The process of aging is complex and has significant effects on various genetic, metabolic, immunological, and physiological functions. Studies suggest that differences in gut microbiota profile at different ages may mediate some effects of aging on health conditions. Elderly individuals exhibit distinct gut microbiota composition when compared to healthy adults. This discrepancy may be attributed to various factors, including senescence, lifestyle changes, weakened immune function, physical inactivity, diminished intestinal and overall function, alterations in intestinal physiology and morphology, repeated infections, hospitalizations, and the use of various medications.
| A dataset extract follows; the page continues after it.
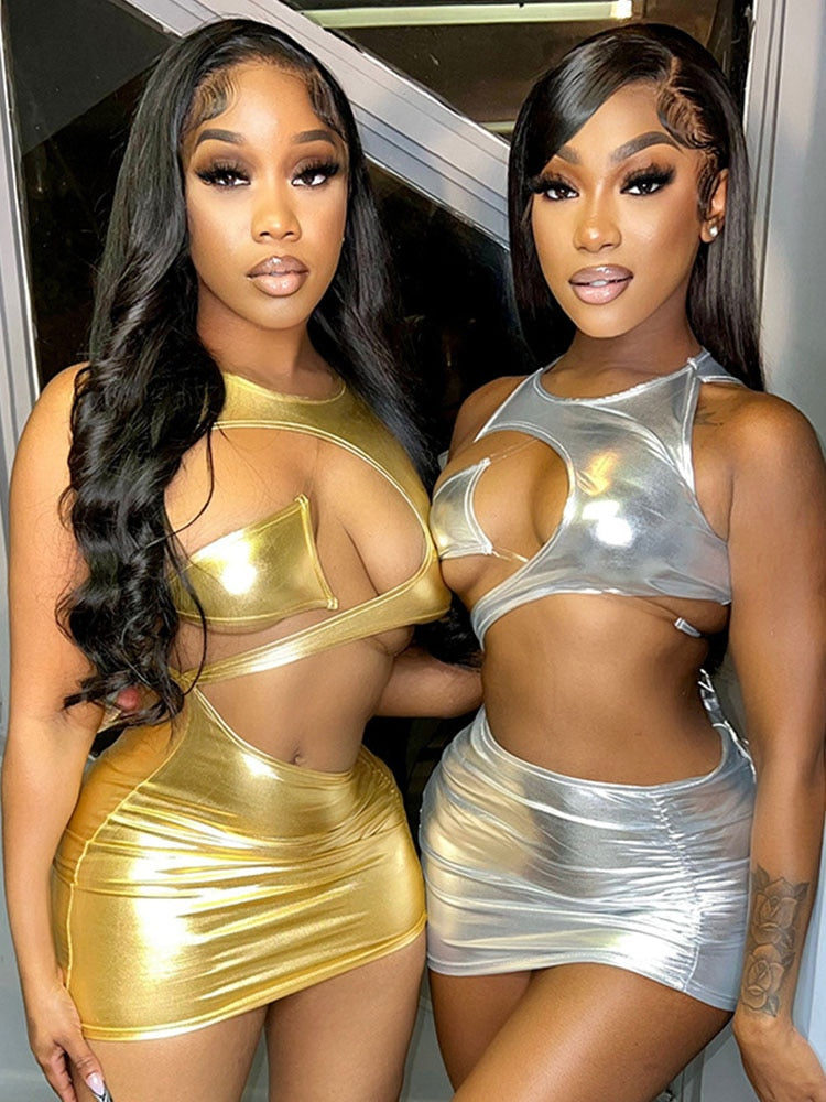Sexy Slim Hollow Out Bodycon Dress For Women Clothes O-Neck Folding Lace-Up Outfit Street wear Backless
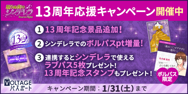 毎日の胸きゅんが貯まる!無料会員ポイントサイト「VOLTAGEパスポート」(以下、「ボルパス」)にて「シンデレラSN」13周年応援キャンペーンを開催している。

Elderly individuals generally exhibit a lower gut microbiota diversity, as well as decreased levels of beneficial Bifidobacteria, Bacteroides, and Lactobacilli, and elevated levels of opportunistic bacteria such as Perfringens, Enterobacteria, C. and C. difficile [20]. In old age, dysbiosis of microbial metabolic products is often observed, resulting in reduced levels of short-chain fatty acids (SCFAs) and increased risk of various diseases and abnormalities [21]. The reduced adhesion of bifidobacteria to the intestinal wall, due to alterations in the chemical composition and colon mucous membrane structure, may be related to the lower species and quantity of bifidobacteria in elderly humans. This may cause restricted functionality and immunological reactivity in the gut and elevate the susceptibility to gastrointestinal infections [22].

2.3. Drugs

There is a bidirectional relationship between drugs and gut microbiota. Drugs can alter the composition of gut microbiota, and conversely, gut microbiota can affect a person’s response to a drug by enzymatically modifying its structure and altering its bioactivity, bioavailability, or toxicity. This phenomenon is called pharmacomicrobiomics [23]. Antibiotics are one of the most well-studied classes of drugs regarding their impact on gut microbiota. They can reduce the diversity of gut bacteria and alter the relative abundance of specific microbial populations. The consequences may include the following: dysbiosis: a disruption in the balance of the microbiota, often leading to an overgrowth of pathogenic bacteria (e.g., Clostridium difficile); increased susceptibility to infections: Disruption of the normal microbiota may lead to increased risk of infections and gastrointestinal issues, recovery, and resistance: Some individuals may take a long time to recover their original microbiota composition after antibiotic treatment, while others may develop a stable dysbiotic state. [24] Clostridioides difficile (formerly known as Clostridium difficile) infection is a disease caused directly by antibiotic disruption of the gut microbiota. The illness spectrum is defined from mild diarrhea to death [25]. Research indicates that very preterm infants who underwent long-term antibiotic therapy exhibited less diverse bacterial communities and diminished species richness in their gut, along with an increased presence of antibiotic resistance genes [26]. Pérez-Cobas and Gosalbes et al. reported that the various types of antibiotics affect the gut microbiota in different ways. For example, a bacteriostatic drug, just inhibiting bacterial growth and reproduction, caused the flourishing of Gram-negative bacteria which was associated with an increase in the number of genes involved in lipopolysaccharide (LPS) synthesis, while the bactericidal drug, capable of killing bacteria, was followed by an increase in Gram-positive bacteria which was related to an over-representation of genes contributing to endospore formation [27].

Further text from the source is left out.